Network manager pissed me off so much that I stopped using it. I recommend just shutting it off. All it seems to do is run the bash commands for you. Might as well just run them yourself.

Same with burning ISO's, it's easier to just use command line tools. The most dead reliable USB ISO burner I've used is the DD command. I've used it to burn all sorts of crazy stuff that windows refused to write.


I haven't found the command-line-fu yet(and haven't spent much time looking) to scan, save, and auto-connect to various wifi networks, and to handle my Verizon LTE 4g card. I did hunt down the scan command once but I didn't use it enough to remember what it was. something to do with ilwifi iirc.

Haven't tried DD as an ISO to CD burner...will give it a shot.


You can only DD a bootable ISO to USB if it's been created as a hybrid ISO image. The syslinux package includes an isohybrid[1] command to convert existing non-compliant ISOs to hybrid ISOs that can boot via USB.

---

[1] https://help.ubuntu.com/community/mkusb/isohybrid


DD is good for USB but I wouldn't use on optical disks because it doesn't support burnfree aka if the buffer empties it will toast the disl


I won't address everything, just a few tips:

1) sounds definitely like a permission problem. Is your user member of the dialout group? If not, add it there, re-login and try again. You should not be forced to use the root user.

2) Exchange is a problem. There are several solutions, none of them is all that great: a) use Evolution, b) use Thunderbird with the proprietary plugin, c) use a proxy like davmail (davmail.sf.net).

3) There is Earth Pro for Linux too, it just isn't advertised. After installing the regular Earth, it will install also a repo for updates. Check what else is there in the repo - in the .rpm repo, there is the pro version. It has some bugs though - every time I try to use GPS tracing, it crashes.

5) Most distribution have a utility to make a boot drive. There are also other ways. If you intend to boot via UEFI, there's no need for special utilities to make the USB key. Just copy the iso content to the USB stick, on FAT{16,32}-formatted partition. If the UEFI bootloader can find the EFI directory in the root and it's content, it will boot fine.

This will not work for some windows editions, thought. For example, Windows 2012R2 has install.wim larger than 4 GB, so it won't fit on a FAT filesystem.

6) Do not fight the NetworkManager with ifconfig. If you want to use NetworkManager (and you want, if you use wifi, wwan, etc), change the IPs with nmcli. It's command line interface to the NM, so it will take note of this change and it won't cause difference between what the config files say and what is the reality on the interfaces.

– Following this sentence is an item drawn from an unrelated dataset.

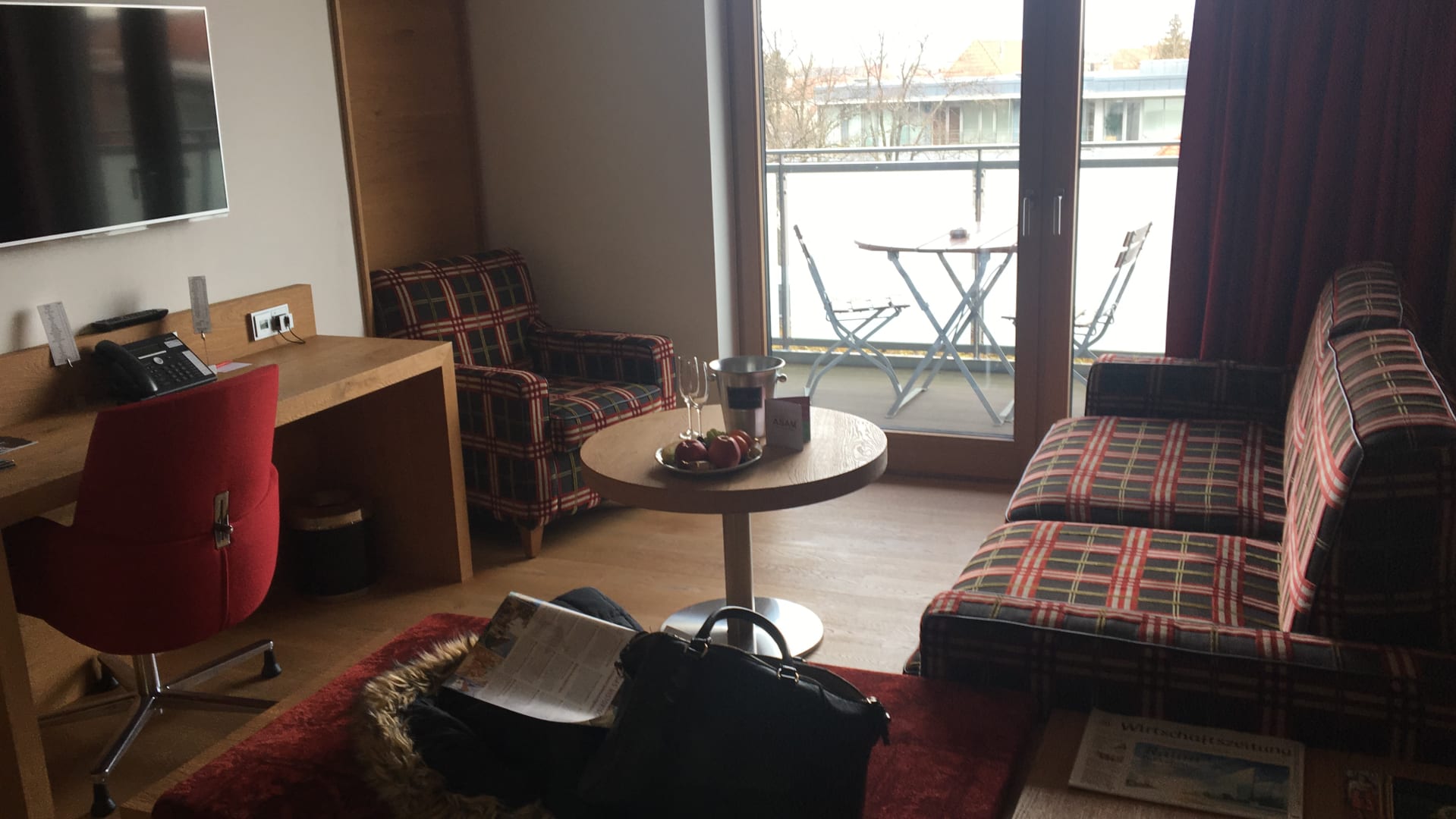 Wohnzimmer der Suite mit gemütlichem Sofa, Schreibtisch mit Stuhl, Flachbildfernseh
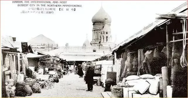 最接地气的.还得数.这张.!街.道两旁都是.小.商铺,人来人往,特别热闹。远处还.能看见清真寺的.圆顶.,说.明当时东北各民族就已经和睦相处,共.同生活.在这片土地上了。

> 1) sounds definitely like a permission problem. Is your user member of the dialout group?

Probably not. Will check -- I haven't changed any group memberships, so if it isn't by default, then it isn't.

> 2) Exchange is a problem...b) use Thunderbird with the proprietary plugin

Thunderbird with Exquilla is what I tried, but it just didn't quite do it for me -- the friction to use was greater than adapting to OWA.

> 3) There is Earth Pro for Linux too, it just isn't advertised.

Really?! I have to figure this out then! 3D buildings and drawing 3D paths to check LOS is my primary usage, so a GPS trace bug won't bother me too much.

> 5) Most distribution have a utility to make a boot drive.

I found the Ubuntu utility to make an Ubuntu bootable disk, but it wouldn't work on anything but an Ubuntu ISO.

> 6) Do not fight the NetworkManager with ifconfig. If you want to use NetworkManager (and you want, if you use wifi, wwan, etc), change the IPs with nmcli.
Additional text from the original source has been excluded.